Она снова ушла от него в себя. Потом спросила:

— Как он выглядит?

— Вы знаете мистера Бадда… помощника смотрителя тюрьмы? Так вот он, по-моему, великолепно описал его Бреду. Он сказал…

— Бреду? — прервала она. — Значит, Бред… не пошёл в лазарет?

— Нет.

Она помолчала, обдумывая это сообщение.

— Значит, он туда не пошёл, — сказала она сдержанно. И добавила: — Они были когда-то очень дружны. — Потом снова подняла на него взгляд. — А что сказал мистер Бадд?

— Он сказал, что мистер Фидлер похож на поседевшего мальчика.

Она медленно усвоила эти слова, подумала над ними.

— Могла бы и сама догадаться, какой он. — И обращаясь уже прямо к нему: — Знаете, почему я могла бы догадаться?

— Нет.

— Потому что я сама себя так ощущаю. Поседевшей девчонкой. Словно во мне что-то заморожено. Только волосы меняются.

— Да, — поколебавшись, признался Яша Джонс. — У вас есть седина.

Она кинула на него быстрый взгляд.

— Да. Но я всё же удивлена. Что вы сразу согласились… Так не слишком галантно.

— Я и сам удивлён, — сказал он. — Но сказать «нет» я не мог, И смолчать тоже не мог. Это был бы по отношению к вам даже дурно. Не знаю чем, но дурно. Поэтому, — он развёл руки ладонями кверху в знак покорности судьбе, — я должен был сказать «да».

— Пришлось сказать правду? — засмеялась она.

— Я не страдаю пороком правдолюбия. Но иногда без этого не обойтись.

Она молчала. Потом, словно очнувшись, спросила:

— Почему не обойтись?

— Я нарушу закон Яши Джонса «Об информации и свидетельских показаниях» и сам задам вам прямой вопрос.

Немного погодя она сказала:

— Да, приходится говорить правду, я хочу сказать — приходит время, когда без этого не обойтись, если… — Она помолчала, а потом договорила: — Если хочешь выжить.

Она поднялась со стула. Её движения вдруг стали тяжеловесными, неуклюжими, в них появилось что-то чуть ли не старческое. Она отошла, встала возле низкой кирпичной ограды и поглядела на реку.

Он вдруг почувствовал, что смотрит на всё до странности отчуждённо. Вспомнил, как в первое утро до завтрака — и с удивлением сообразил, что это было всего четыре дня назад, — он спустился погулять и взглянул за ограду. При ярком солнце над берегом видны были заросли можжевельника, жимолости, засохшие стебли лаконоса. Он увидел там ржавые банки от свиного сала и ржавые банке от кофе, ещё не опутанные цепкими побегами, стоптанную туфлю, старые бутылки, разбитый стеклянный графин. Он увидел более пышную зелень там, где, должно быть, протекала труба.

А теперь он смотрел, как она глядит на залитую луной реку и на западный берег, и думал, как выглядит этот берег при лунном свете. Он думал, как снять на плёнку то, что она видит. Снимать надо, конечно, с реки. Под взгорком можно найти место для штатива. Трудно, но можно. Надо спанорамировать снизу, чтобы поймать в кадр женскую фигуру, опустившую под белёсой шалью плечи, с освещённым луной лицом. Поймать и отблеск того разбитого графина, поймать, но не задерживаться на нём. Панорамируя, надо схватить его также мимоходом, как поймать в объектив папоротниковое кружево рожкового листа, выбеленного луной. Потому что всё должно казаться частью всего остального.
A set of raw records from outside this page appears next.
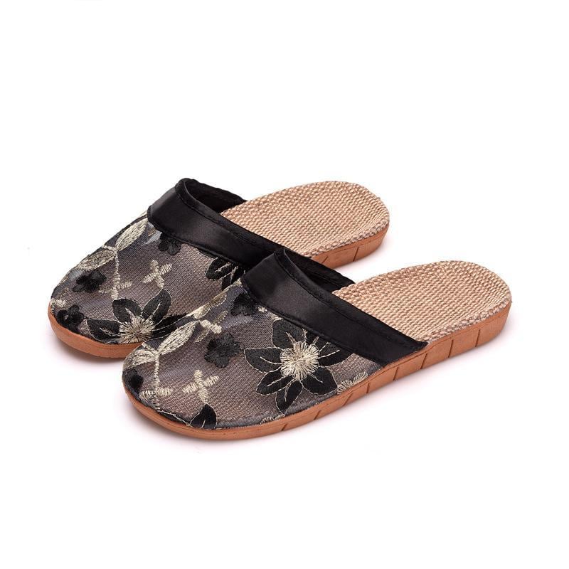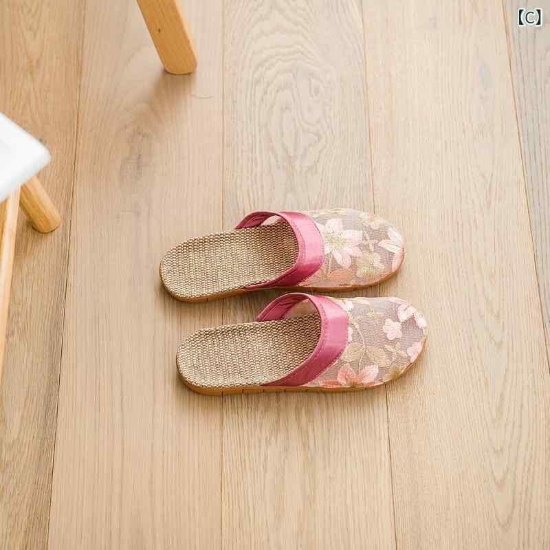 スリッパ レディース レース 麻 室内履き ルームシューズ 夏用 接触冷感 滑り止め 通気性 耐久性 EVAソール クッション性 和風 和モダン ブラック グレー ピンク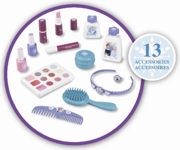 Ovaj set ljepote iz kolekcije Frozen idealan je za djecu koja vole isprobavati nove stvari i stvarati razne stilske izglede. Zahvaljujući kompaktnoj veličini i praktičnoj ručki, ovaj praktični set moguće je ponijeti bilo gdje. Sadrži: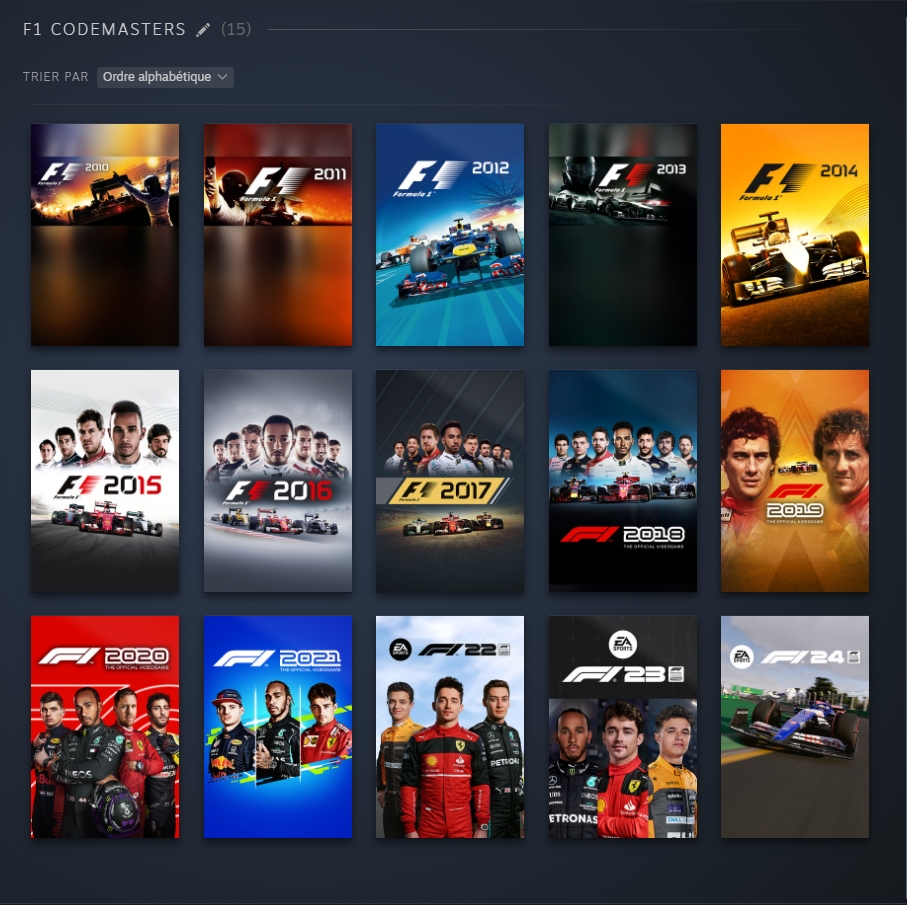 alffir Transactions (5) | Reprise du message précédent : Par contre j'ai sauté le 23, EA ne soldant plus les anciennes éditions, et je pense que le prochain sera le 26 pour le nouveau règlement et éventuellement des nouveaux circuits, vu le peu que je joue actuellement aux jeux F1 (plus de 100h sur F1 2019, mais guère plus de 10h sur F1 22). --------------- Il vaut mieux mobiliser son intelligence sur des conneries que mobiliser sa connerie sur des choses intelligentes. |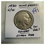 1930 BUFFALO NICKEL SEVERE CLASHED DIES |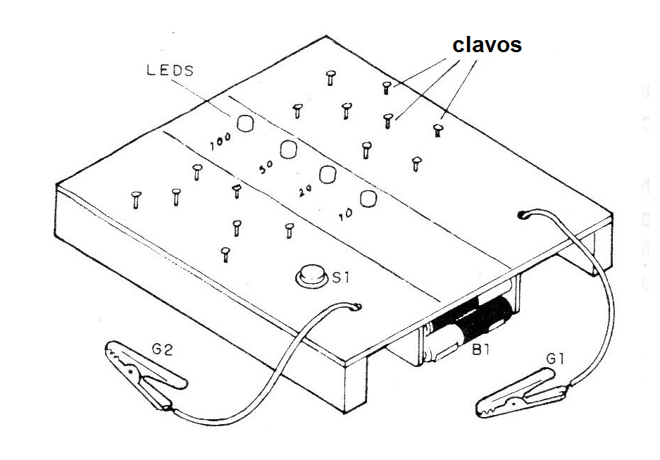 Los clavos son vistos por debajo, es decir, deben ser tomados por encima del tablero de modo que sus puntas queden salientes abajo, donde son soldados los diodos.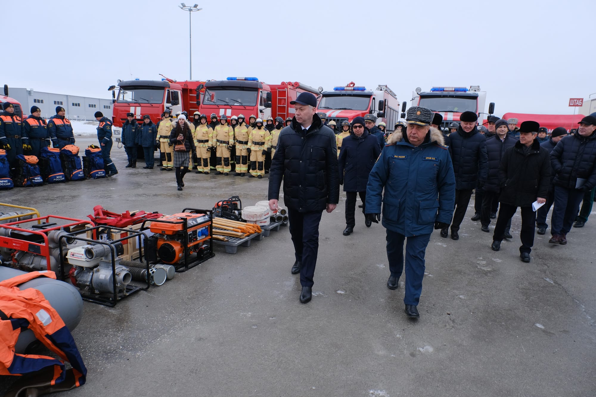 Также глава региона провел заседание комиссии по предупреждению и ликвидации чрезвычайных ситуаций и обеспечению пожарной безопасности Новосибирской области. Смотр и заседание прошли на площадке у МВК «Новосибирск Экспоцентр».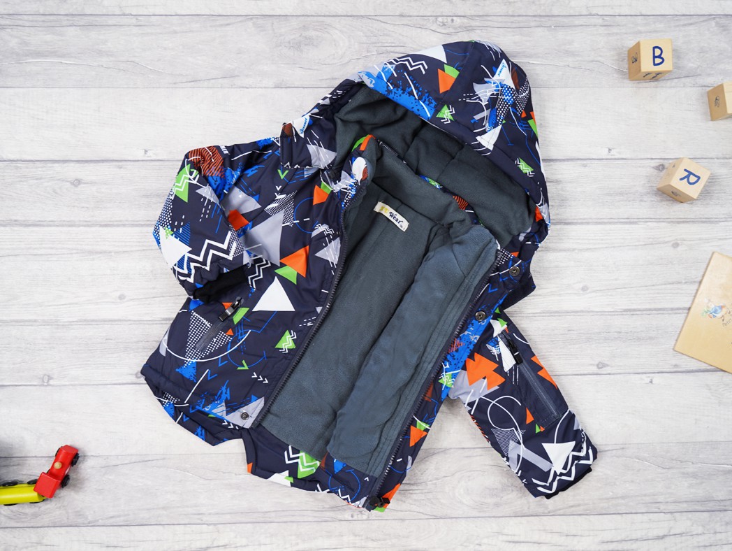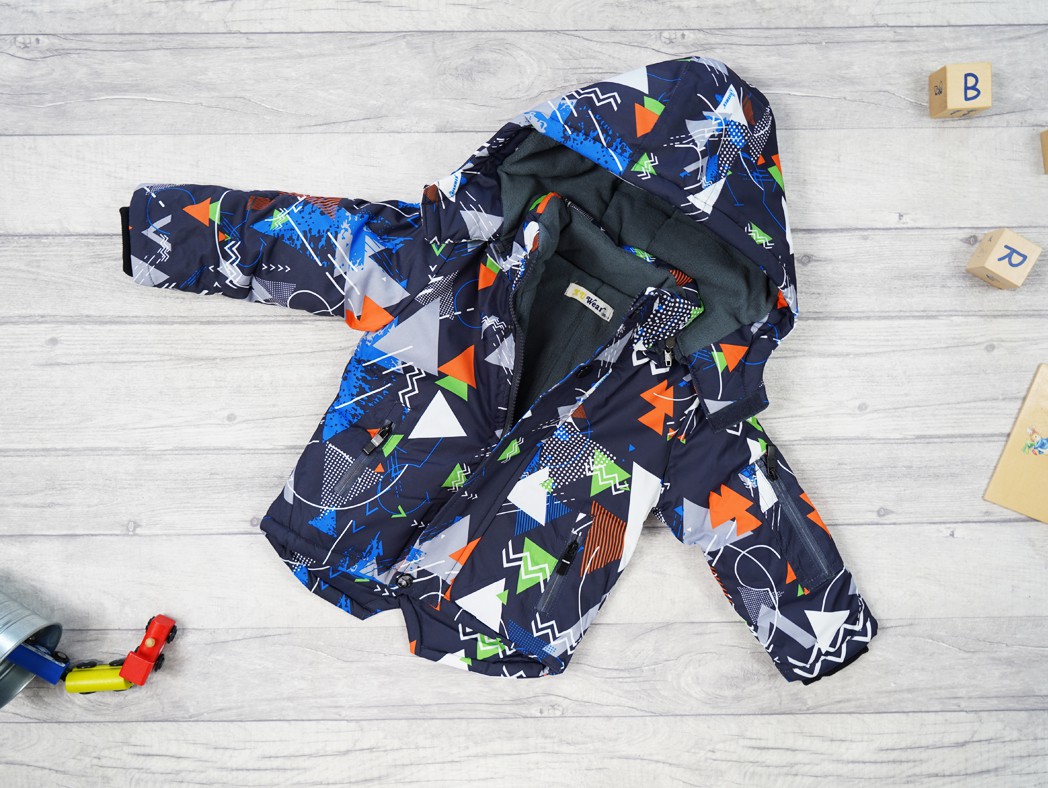 Dostępna w zestawie kurtka zimowa wykonana z warstwy nieprzemakalnej od strony zewnętrznej oraz ocieplona od wewnątrz miękkim szarym polarem. Posiada ona stójkę osłaniającą szyję dziecka oraz odsuwany kaptur wyposażony w zapięcie na rzep. Kaptur kurtki również został ocieplony polarem. Dwie wbudowane kieszenie na suwak oraz zasuwana kieszeń na ramieniu. Rękawy nieocieplone polarem, wykończone doszytym wewnątrz ściągaczem.

Да, отметил он снова, сейчас она слегка опустила плечи. Он отмечал это бесстрастно. Он подумал, что уже несколько лет для него поглощенность делом — способ, единственный способ ощущать себя в окружающем мире. Но сейчас, в данную минуту, ему показалось, что эта самая поглощенность — не стала ли она скорее бегством от окружающего мира? Но и это наблюдение над собой он тоже произвёл бесстрастно.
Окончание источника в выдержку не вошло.